カードローンができて、それまでなかなか借りられない人でも、比較的簡単にお金を借りられるようになりました。中には必要に応じて複数のカードローンの契約をする人もいます。

しかし金融機関はこの複数社にまたがる利用を歓迎していないため、契約数が増えていくと、次第に審査が厳しくなります。そこで何件くらいまでなら借りられるのかを調べておくことにましょう。

ただし、借り入れが増えると当然返済は苦しくなるため、なぜ複数の借り入れが必要になってしまうのか、そしてその結果どうなるのかを理解しておくことも大切です。

また複数借入れしてしまった場合や複数利用を考えている場合の対処法、返済が厳しくなってしまったときの対応についても覚えておきましょう。

金融機関は他社利用を嫌う!何社までなら審査を通すのか

金融機関が融資するかどうかを判断する基本は返済してもらえるかどうかという事です。ところがたとえ返済能力があっても審査に落ちることがあります。

理由は審査で過去の問題からくる信用が判断材料に使われるためで、特に金融機関が不安に感じるのが返済先が増える複数利用です。金融に詳しくない場合、この点あまり意識しませんが、何件も借りていれば融資してくれない場合もあるのです。

融資の条件は返済能力があるか無いかだけではない

金融機関の審査では返済能力と信用情報のチェックが行われます。もちろん金融機関はお金を借りてもらって利息を払って貰わないと商売になりませんから、返済能力があれば貸したいのがやまやまなのです。
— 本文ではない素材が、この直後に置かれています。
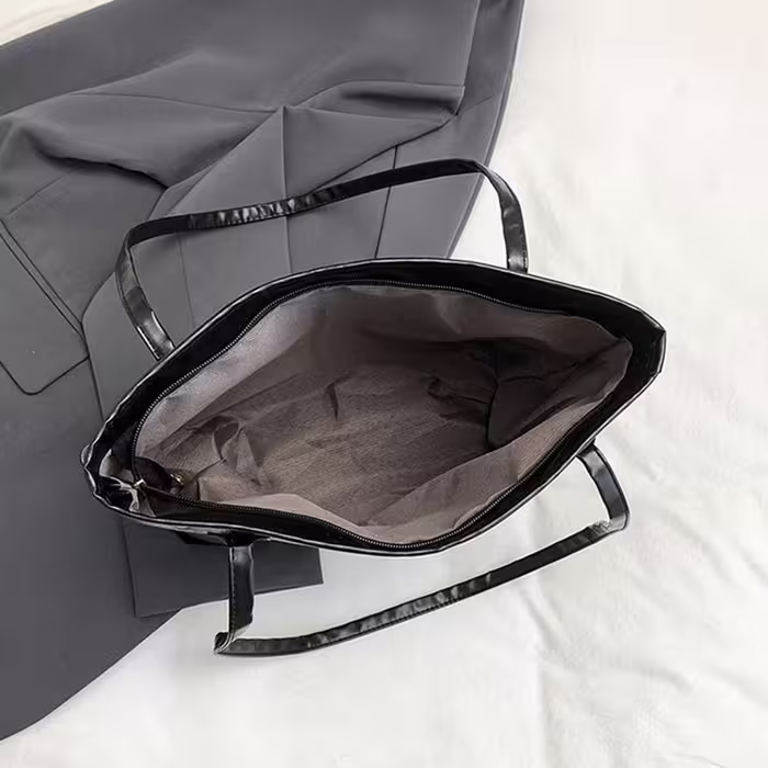 童趣壓紋包邊皮革×肩背包×黑色-第5張

しかし審査ではいくら返済能力があっても貸して貰えない人がいます。これは信用情報に問題がある場合で、多くはブラックと言って過去のローン返済などに問題があったような人ですが、ブラックで無いにもかかわらず借りられない人もいます。

その理由の一つが、他社に借り入れがあるというものです。他社借入れがあれば返済額が増えますから、金融機関としては、返済能力を削ぎますので、歓迎しません。このため審査では件数が増えれば増えるほど返済能力についての判断が厳しくなります。

さらに、借入れ件数によっては返済能力があろうがなかろうが、駄目と判断する事になるのが普通です。

それなら他社からの借り入れを隠せばよいと考える人もいますが、そういった情報は信用情報中に記載されることになるので隠すことはできません。無理に隠そうとすると心証が悪くなって、その点でも審査通過に影響が出る事になります。

具体的な契約可能件数

そこで気になってくるのが、具体的に何件までなら審査に通るのかということになります。ただしその前に収入による制限について説明しておきます。

ここで説明する件数の上限に達していなくも、既に現在の契約が法的あるいは金融機関の内規による上限に達している場合には、それ以上借入先を増やすことはできませんので注意してください。

まず消費者金融に場合は、貸金業法に総量規制というものがあってすべての業者の借入れ合計が年収の3分の1までとなっています。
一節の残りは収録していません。